* ACTIVITY:
Return the entries below verbatim. Pictures stay out.
--------------------------------------------------
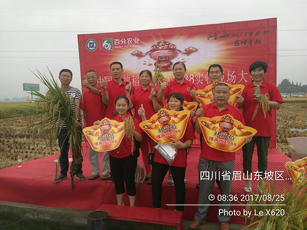 2017年8月24-25日,在蘇東坡的故鄉(xiāng)眉山市順利舉行了百分農(nóng)業(yè)四川區(qū)域2017-2018年度財神稻現(xiàn)場實收測產(chǎn)觀摩暨市場啟動大會。百分農(nóng)業(yè)總經(jīng)理江潤良,西南大區(qū)經(jīng)理楊總,四川壹稼人總經(jīng)理燕總攜團隊,及四川各區(qū)域的代理商、零售商和種植大戶200余人參與了會議。
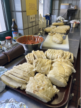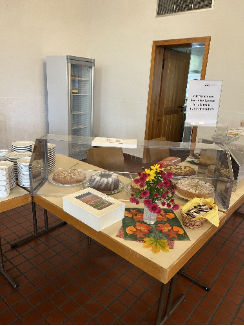 Bereits am Vortag des Gemeindecafés liefen die Vorbereitungen auf Hochtouren; schließlich mussten die Zutaten in ausreichendem Maße besorgt und das Essen so gut wie möglich vorgekocht werden, damit am nächsten Tag die Arbeitslast geringer ausfällt für die anwesenden Gruppenleiter*innen. Sonntagmorgen ging es dann so richtig los: der Saal im Obergeschoss des HdB wurde hergerichtet und dekoriert, Kuchen angeschnitten, Getränke kalt gestellt. Es sollte nicht lange dauern, bis die ersten neugierigen (und vor allem hungrigen) Gesichter sich ins Haus der Begegnung gesellten und nach einer erfolgreichen Ansprache im Gottesdienst war der Saal mehr als gut gefüllt. Da hatten die Gruppenleiter*innen alle Hände voll zutun, aber dank Teamwork sowie einem clever ausgefeilten Kassensystem konnte der Überblick behalten werden. Am Ende des Tages waren alle geschafft, aber auch glücklich, dass wir dieses Jahr wieder ein so schönes Gemeindecafé mit viel Anklang auf die Beine stellen konnten – es freut uns, dass auch einige Gruppenkinder da waren und dass es allen sehr gut geschmeckt hat :).
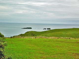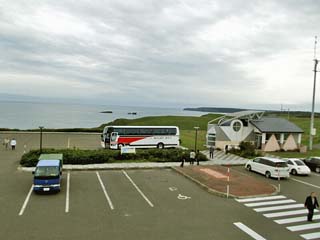 2011/9/11(14:06) 「琵琶瀬展望台」から見る「太平洋」側 (南)の景色。 観光バスの奥には、奇岩「窓岩」も見えている。
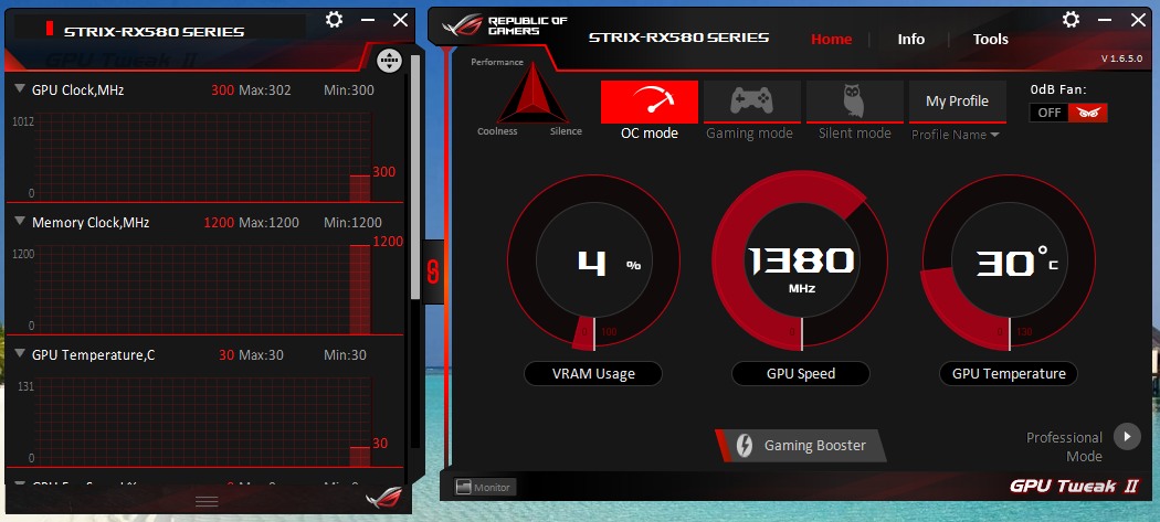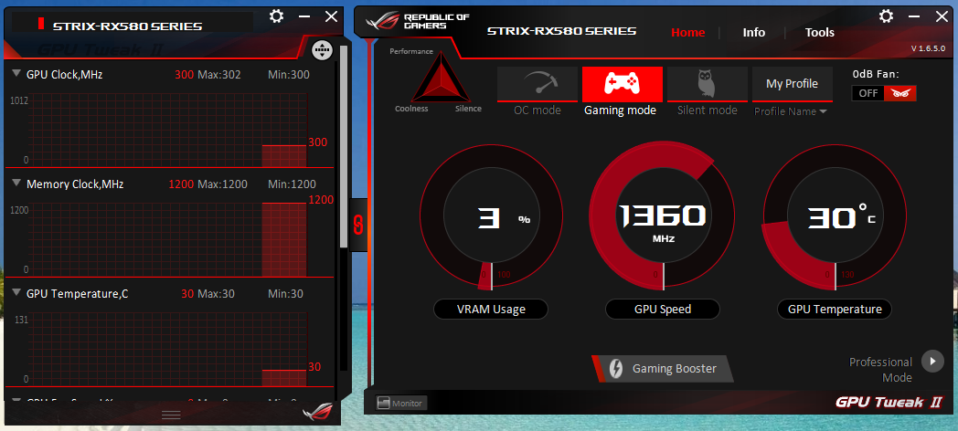 Wie schon erwähnt betreibt Asus die ROG Strix Radeon RX 580 oberhalb der Referenzspezifikationen. Der GPU-Basistakt liegt bei 1.360 MHz und der VRAM taktet mit 8.000 MHz. Mit dem Tool Asus GPU Tweak lässt sich aus vordefinierten Profilen (Silent, Gaming und OC) wählen. Im OC-Modus wird der GPU-Takt um 20 MHz angehoben und erreicht somit 1.380 MHz. Das kleine Tool erlaubt es dem Anwender aber auch manuell an der Taktschraube zu drehen. Auch das Power-Target und das Temperature-Target lässt sich per Schieberegler verstellen.
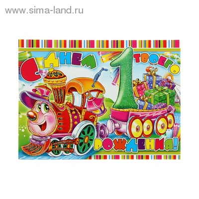 1263286 Открытка объемная "1 годик.С Днем рождения! Паровозик с подарками"
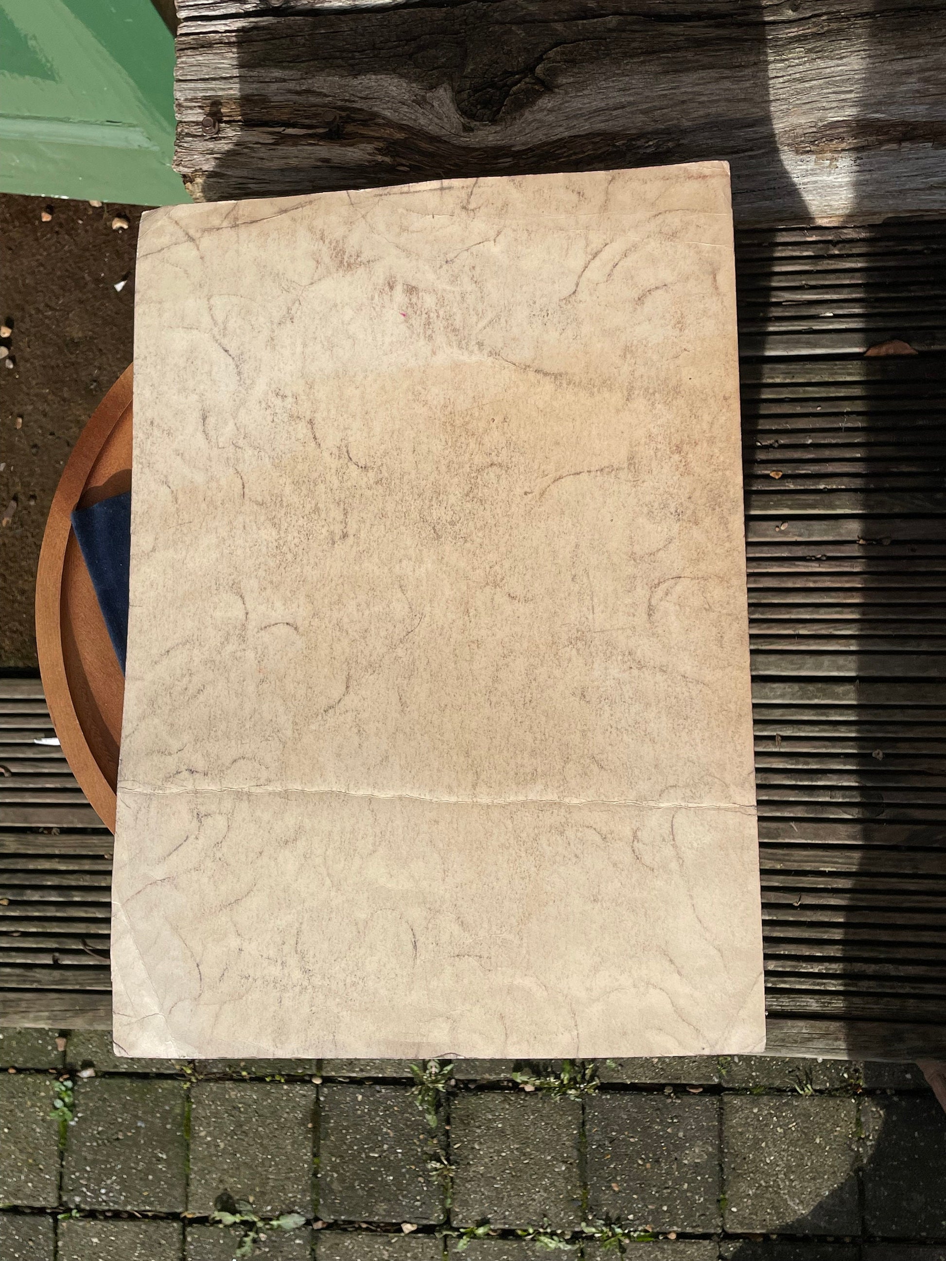 There are charcoal rub marks all over and there is a fold across the width of this image just above the hand
--------------------------------------------------
* OUTPUT FOR THIS TASK:
 2017年8月24-25日,在蘇東坡的故鄉(xiāng)眉山市順利舉行了百分農(nóng)業(yè)四川區(qū)域2017-2018年度財神稻現(xiàn)場實收測產(chǎn)觀摩暨市場啟動大會。百分農(nóng)業(yè)總經(jīng)理江潤良,西南大區(qū)經(jīng)理楊總,四川壹稼人總經(jīng)理燕總攜團隊,及四川各區(qū)域的代理商、零售商和種植大戶200余人參與了會議。
 Bereits am Vortag des Gemeindecafés liefen die Vorbereitungen auf Hochtouren; schließlich mussten die Zutaten in ausreichendem Maße besorgt und das Essen so gut wie möglich vorgekocht werden, damit am nächsten Tag die Arbeitslast geringer ausfällt für die anwesenden Gruppenleiter*innen. Sonntagmorgen ging es dann so richtig los: der Saal im Obergeschoss des HdB wurde hergerichtet und dekoriert, Kuchen angeschnitten, Getränke kalt gestellt. Es sollte nicht lange dauern, bis die ersten neugierigen (und vor allem hungrigen) Gesichter sich ins Haus der Begegnung gesellten und nach einer erfolgreichen Ansprache im Gottesdienst war der Saal mehr als gut gefüllt. Da hatten die Gruppenleiter*innen alle Hände voll zutun, aber dank Teamwork sowie einem clever ausgefeilten Kassensystem konnte der Überblick behalten werden. Am Ende des Tages waren alle geschafft, aber auch glücklich, dass wir dieses Jahr wieder ein so schönes Gemeindecafé mit viel Anklang auf die Beine stellen konnten – es freut uns, dass auch einige Gruppenkinder da waren und dass es allen sehr gut geschmeckt hat :).
 2011/9/11(14:06) 「琵琶瀬展望台」から見る「太平洋」側 (南)の景色。 観光バスの奥には、奇岩「窓岩」も見えている。
 Wie schon erwähnt betreibt Asus die ROG Strix Radeon RX 580 oberhalb der Referenzspezifikationen. Der GPU-Basistakt liegt bei 1.360 MHz und der VRAM taktet mit 8.000 MHz. Mit dem Tool Asus GPU Tweak lässt sich aus vordefinierten Profilen (Silent, Gaming und OC) wählen. Im OC-Modus wird der GPU-Takt um 20 MHz angehoben und erreicht somit 1.380 MHz. Das kleine Tool erlaubt es dem Anwender aber auch manuell an der Taktschraube zu drehen. Auch das Power-Target und das Temperature-Target lässt sich per Schieberegler verstellen.
 1263286 Открытка объемная "1 годик.С Днем рождения! Паровозик с подарками"
 There are charcoal rub marks all over and there is a fold across the width of this image just above the hand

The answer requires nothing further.